Fuzzy Matching in Access

[b][red]This message was edited by OpnSeason at 2006-5-11 2:37:41[/red][/b][hr]
[b][red]This message was edited by OpnSeason at 2006-3-17 17:22:45[/red][/b][hr]
Hello All,

For those who are interested in Approximate String Matching or those who could use these algorithms; I have a complete suite of Approximate String Matching algorithms written in Visual Basic in an Access database.

In 2004 I decided to jump into the world of Fuzzy Matching with both feet.

As it is, I am working for a company that deals with names, addresses, etc. very intensely. It is a fair sized company that
uses Access on a grand scale. Since I am an Access programmer, I work in an Access gold mine!

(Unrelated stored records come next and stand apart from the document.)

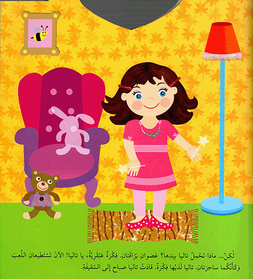 نبذة الناشر:اليوم، استضافت تاليا صديقتها صباح، ستلهُوانِ بِمُتْعةٍ معاً! لكن، في هذه المرة، لا يتعلَّقُ الأمر بالدُّمى، أو باللُّعبِ المَحْشُوَّةِ، أو ألعابِ التَّسلية، لا اليوم، ستتنكران، داخلَ صُنْدوقٍ عجيبٍ في السَّقيفةِ، وجدتِ الفتاتانِ كُلَّ ما تحتاجان إليه.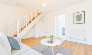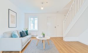 On the ground floor, the welcoming hallway gives access to the main living space and a convenient cloakroom with WC and hand basin. The bright and inviting living room provides a comfortable area for relaxation and entertaining, with stairs leading to the first floor. To the rear, the beautifully designed open-plan kitchen/diner creates a sociable hub for the home. Finished to a high standard, it features modern fitted units, integrated appliances, and ample space for dining. French doors open out to the rear garden, filling the space with natural light and offering a seamless flow between indoor and outdoor living.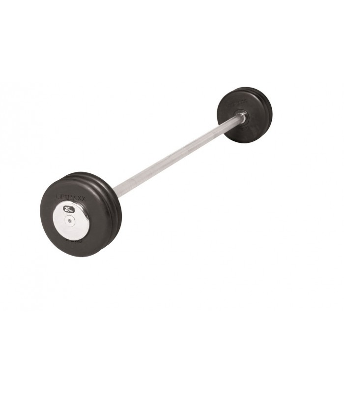 BILANCIERE DRITTO CON IMPUGNATURA CROMATA DI ALTA QUALITA 975mm, DISCHI RICOPERTI DA GOMMA RESISTENTE DISPONIBILI DA 10 A 50kg CON INCREMENTI DI 1kg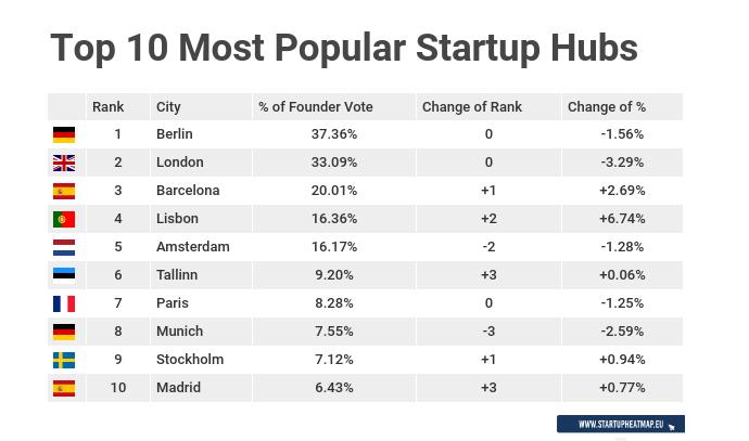 Segons el rànquing Startup Heatmap Barcelona és la tercera ciutat europea preferida pels emprenedors per engegar un nou projecte d’startup. El 20% dels i les fundadores d’aquesta tipologia d’empresa apunten la ciutat com el lloc on podrien imaginar-se començar el seu projecte. Berlin i Londres es troben en primer i segon lloc, i Barcelona puja una posició respecte l’anterior edició. La seva popularitat augmenta en un 2,69% punts, ara, 1 de cada 5 enquestats triaria Barcelona com a seu. Enrere deixa Àmsterdam, que baixa al 5è lloc, i Lisboa, que queda 4a. Madrid es troba en desena posició i València al lloc 17. En termes relatius, són Barcelona i Lisboa, dues ciutats del sud d’Europa, les que guanyen més popularitat entre els i les emprenedores.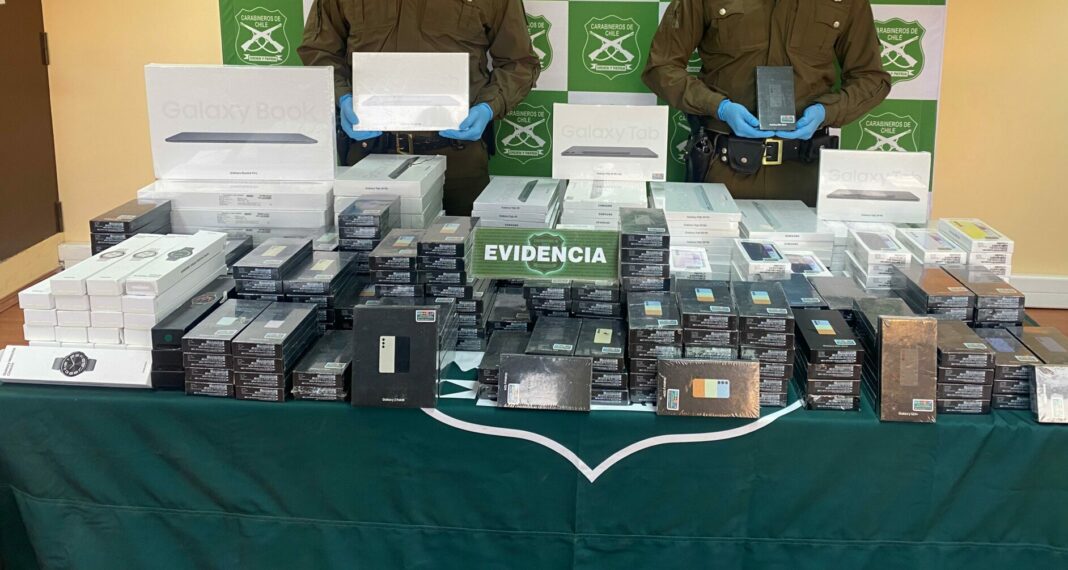 La detención de los sujetos y recuperación de las especies, dio como resultado la incautación de 57 tablet, 6 computadores personales, modelos Book4 PRO; 27 relojes inteligentes y 225 teléfonos celulares.

I knew that if I could get a good handle on Fuzzy Matching, that when I hit the right person at the right time, the company could greatly benefit from my research on Fuzzy Matching. The right time and the right person are not here yet.

Nevertheless, since I have reaped much free source code and information from the Web, it is now time to return the favor.

I developed a package that is sort of a demo/tutorial on Approximate String Matching algorithms in Access that is very
robust in Fuzzy Matching. It would overtax the post in this forum for me to include it in a post.

To summarize, it works with the basic name - Last, First, and Middle. It has a user interface that allows a user to type in
what would be a good name and what would be a questionable name to resemble the good name. The weighted results of all the various algorithms can be chosen, or an individual algorithm can be chosen to display how closely the names match.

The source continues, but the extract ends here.